Check the Root!

tree-rootIt has been a precarious week! I was laughing and joking with a coworker less than a week ago, and then learned that her doctor phoned while she was in a meeting demanding her to get to the hospital to follow up on a test administered earlier that morning.  I left work to head out of town to minister in dance at an event for a friend who is battling breast cancer.  During the service, I sent a text message to check on a spiritual mentor who’d had an outpatient procedure earlier in the day.  I learned that she was experiencing complications and was taken back to the hospital.  Two days later, my Aunt who is 88 fell down a flight of stairs at church and was taken to the hospital.  Each of these aforementioned events required individual and immediate attention.  I have a unique relationship with each person, but even on what I may consider one of my best days with my “S” on my chest, I cannot be everywhere at the same time.  Due to the seriousness of each situation, I desired to be.  For each situation was precarious – dangerously lacking in stability and stability; and subject to chance or unknown conditions (free dictionary).  In my weariness to be that sister for every season, I am grateful that God is likened to Visa – He is everywhere I want to be! In an instant, I joined others, some who I knew and more who I didn’t, to intercede and pray for the four…my coworker, my sister in Christ, my spiritual mentor and my Aunt.

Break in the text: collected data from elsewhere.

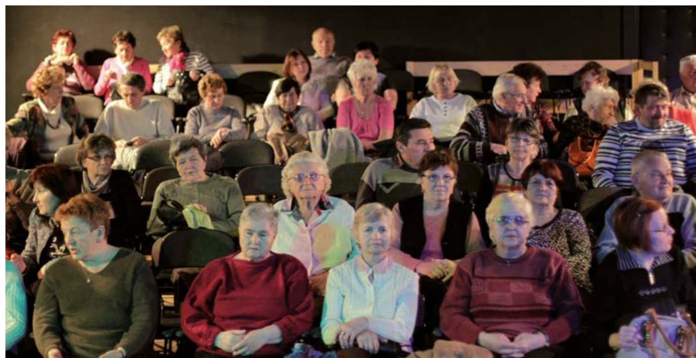
Snímek z loňské projekce pro seniory.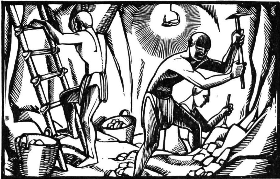
Im Innern eines bronzezeitlichen Bergwerkes.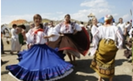
Рисунок 8. Гуляние в Атамань.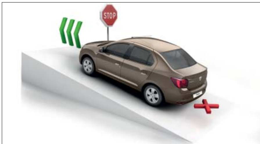
Aide au démarrage en côte : Cette aide vous permet de démarrer en côte en toute sécurité et sans précipitation.

antipatinage (ASR) garantissent un freinage efficace et une stabilité accrue du véhicule. Également dotées d'airbags frontaux et latéraux avant, du système de fixation Isofix pour les sièges enfants situé sur les places latérales arrière, de l'aide au démarrage en côte et des aides au parking arrière... Vous pouvez prendre la route en toute sérénité!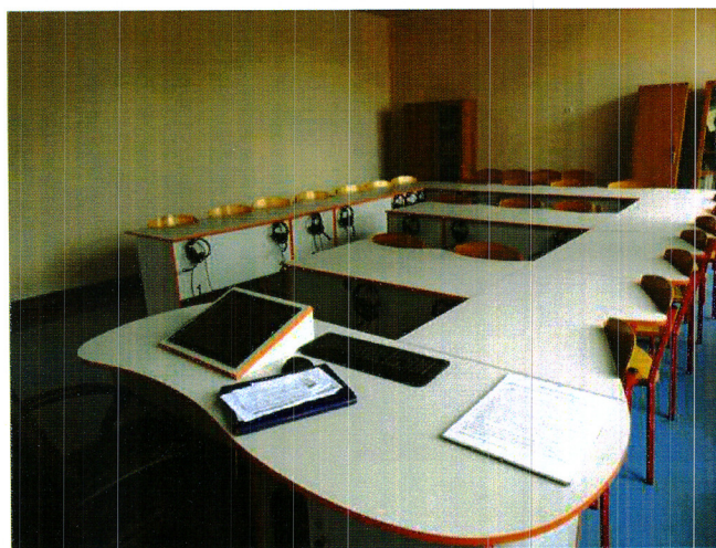
Zdjęcie nr 7. Laboratorium językowe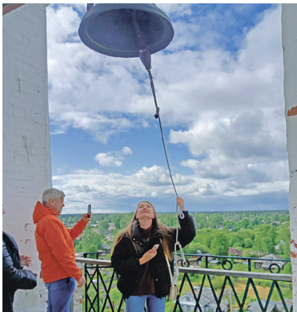
На колокольне Благовещенской церкви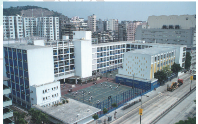
進入千禧年代，本校初中部與高中部連成一體。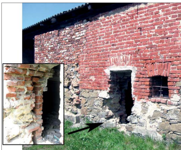
Vnější podoba „ledovny“ s detailem vzduchové kapsy.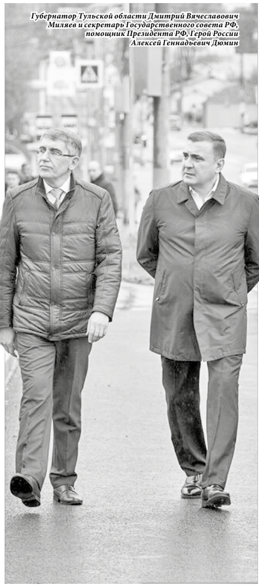
Губернатор Тульской области Дмитрий Вячеславович Милоев и секретарь Государственного совета РФ, помощник Президента РФ, Герой России Алексей Геннадиевич Дюмин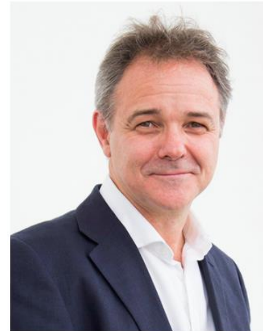
Sir Jeremy Farrar Directeur du Wellcome Trust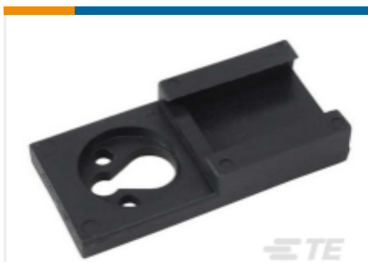
TE 产品编号1011-030-0205 CLIP, PA66, BLK, T-STUD, ST

As I said, its been a precarious week! The word precarious is not a word that elicits joy.  After all, when its used, things are typically in dire conditions.  Yet, as my 8th grade English teacher Mrs. Johnson reminded, we must study the root.  The fact of the matter is that the word precarious has an additional definition – dependent on the will or favor of another.  Further, the word “prayer” comes from the Latin precarius, which means “obtained by begging, to entreat.” I thought this was strange.  But is it? Why would the word prayer come from something that is deemed dangerous? I believe that we are often introduced to prayer as a result of what we perceive to be dangerous – and we do entreat God, beg God and expect God to show up! And that is good – but we cannot stop there.  There are over 500 verses in the Bible that reference prayer, and yet, if remembered can stabilize us at the root of any situation.  Thessalonians 5:7: Pray without ceasing.  This doesn’t mean that we are on our knees, or in or prayer closets, or stretched out prostrate for hours on end.  Some of us may be at a point in life where we are able to do so (and for that we thank you), but many of us are not, and must pray as we get dressed, drive in our cars, walk into boardrooms, while working out, while sitting at soccer practice, while in the drive through line at the bank (and on and on) do our praying.  We must as William Murphy reminds in the song with Tasha Cobbs, “get up and go to work honey!”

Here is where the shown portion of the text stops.